▶ Data block:
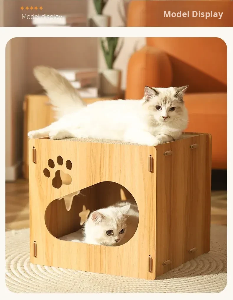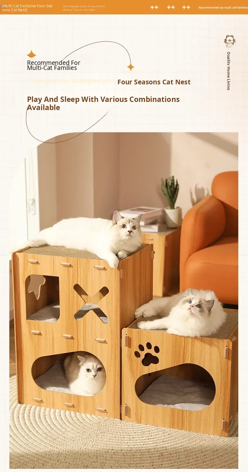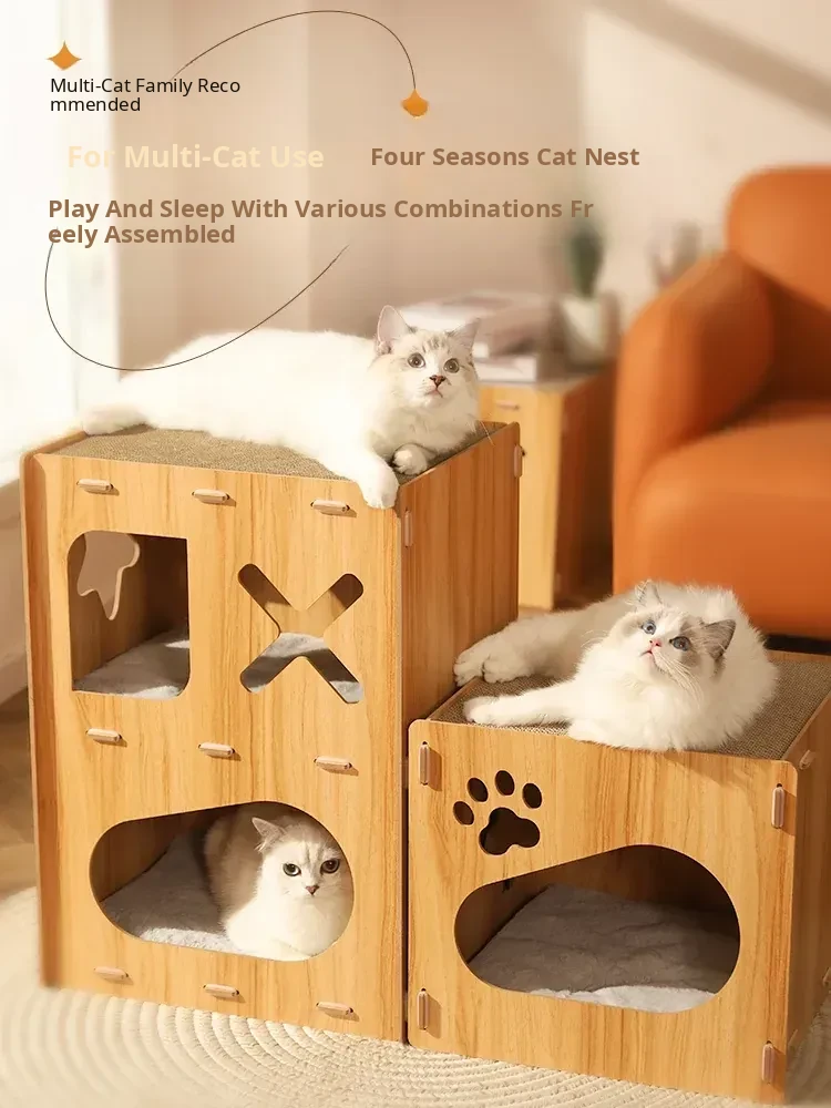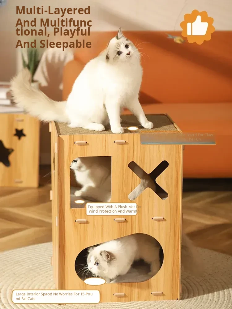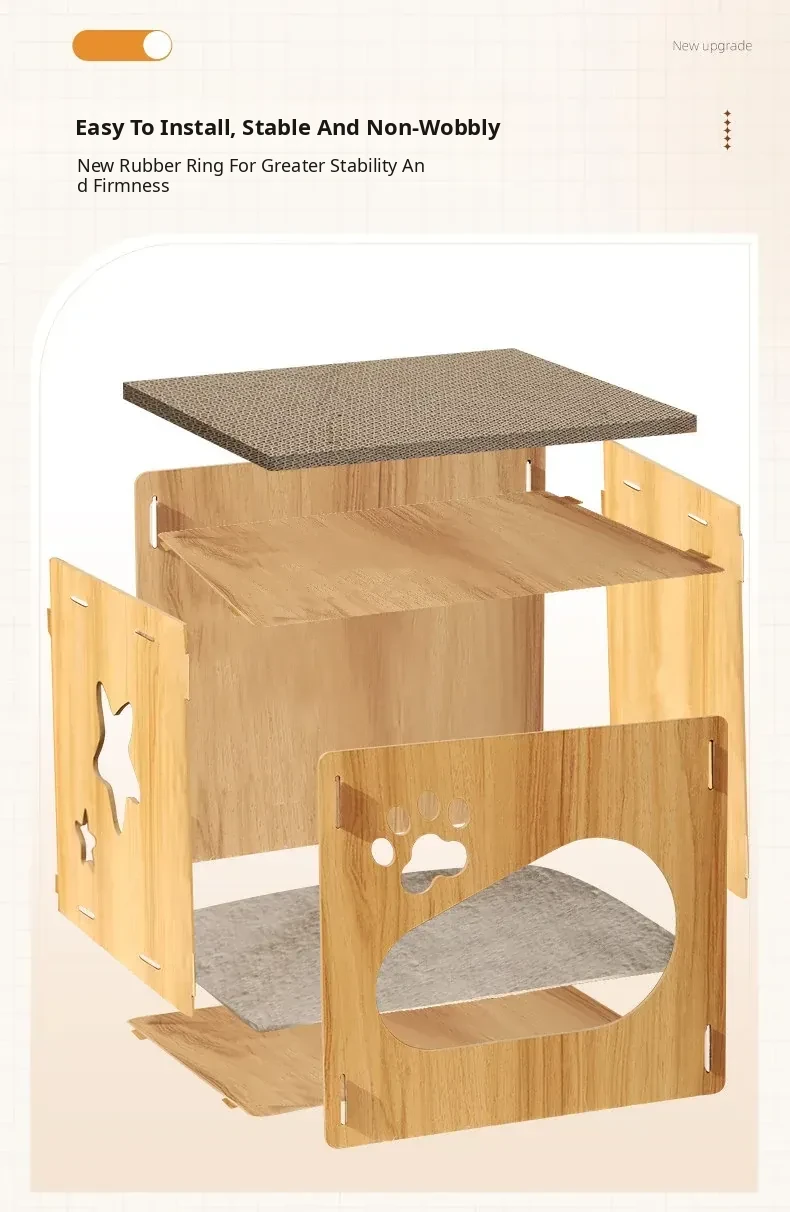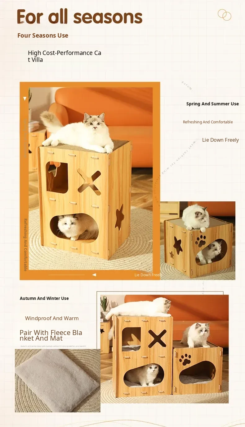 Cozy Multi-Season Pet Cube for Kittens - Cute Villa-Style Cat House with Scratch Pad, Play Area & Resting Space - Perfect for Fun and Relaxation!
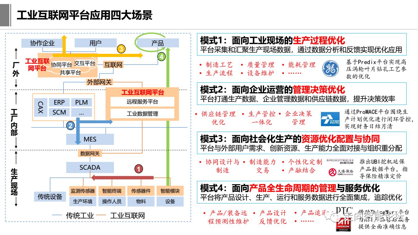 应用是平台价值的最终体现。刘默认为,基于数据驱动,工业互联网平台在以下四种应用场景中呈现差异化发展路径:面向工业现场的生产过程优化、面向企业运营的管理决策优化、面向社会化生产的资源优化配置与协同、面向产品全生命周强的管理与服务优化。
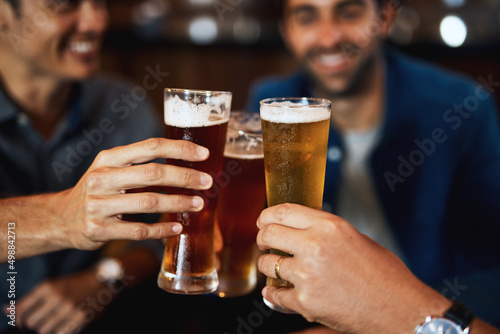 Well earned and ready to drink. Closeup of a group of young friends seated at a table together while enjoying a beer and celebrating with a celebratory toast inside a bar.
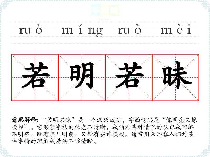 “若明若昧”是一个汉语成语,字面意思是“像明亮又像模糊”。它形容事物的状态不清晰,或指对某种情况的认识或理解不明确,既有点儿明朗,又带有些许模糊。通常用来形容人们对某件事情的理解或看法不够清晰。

▶ Aim of the task:
The lines above must be transcribed exactly, with every picture left out.

▶ Solution to this problem:
 Cozy Multi-Season Pet Cube for Kittens - Cute Villa-Style Cat House with Scratch Pad, Play Area & Resting Space - Perfect for Fun and Relaxation!
 应用是平台价值的最终体现。刘默认为,基于数据驱动,工业互联网平台在以下四种应用场景中呈现差异化发展路径:面向工业现场的生产过程优化、面向企业运营的管理决策优化、面向社会化生产的资源优化配置与协同、面向产品全生命周强的管理与服务优化。
 Well earned and ready to drink. Closeup of a group of young friends seated at a table together while enjoying a beer and celebrating with a celebratory toast inside a bar.
 “若明若昧”是一个汉语成语,字面意思是“像明亮又像模糊”。它形容事物的状态不清晰,或指对某种情况的认识或理解不明确,既有点儿明朗,又带有些许模糊。通常用来形容人们对某件事情的理解或看法不够清晰。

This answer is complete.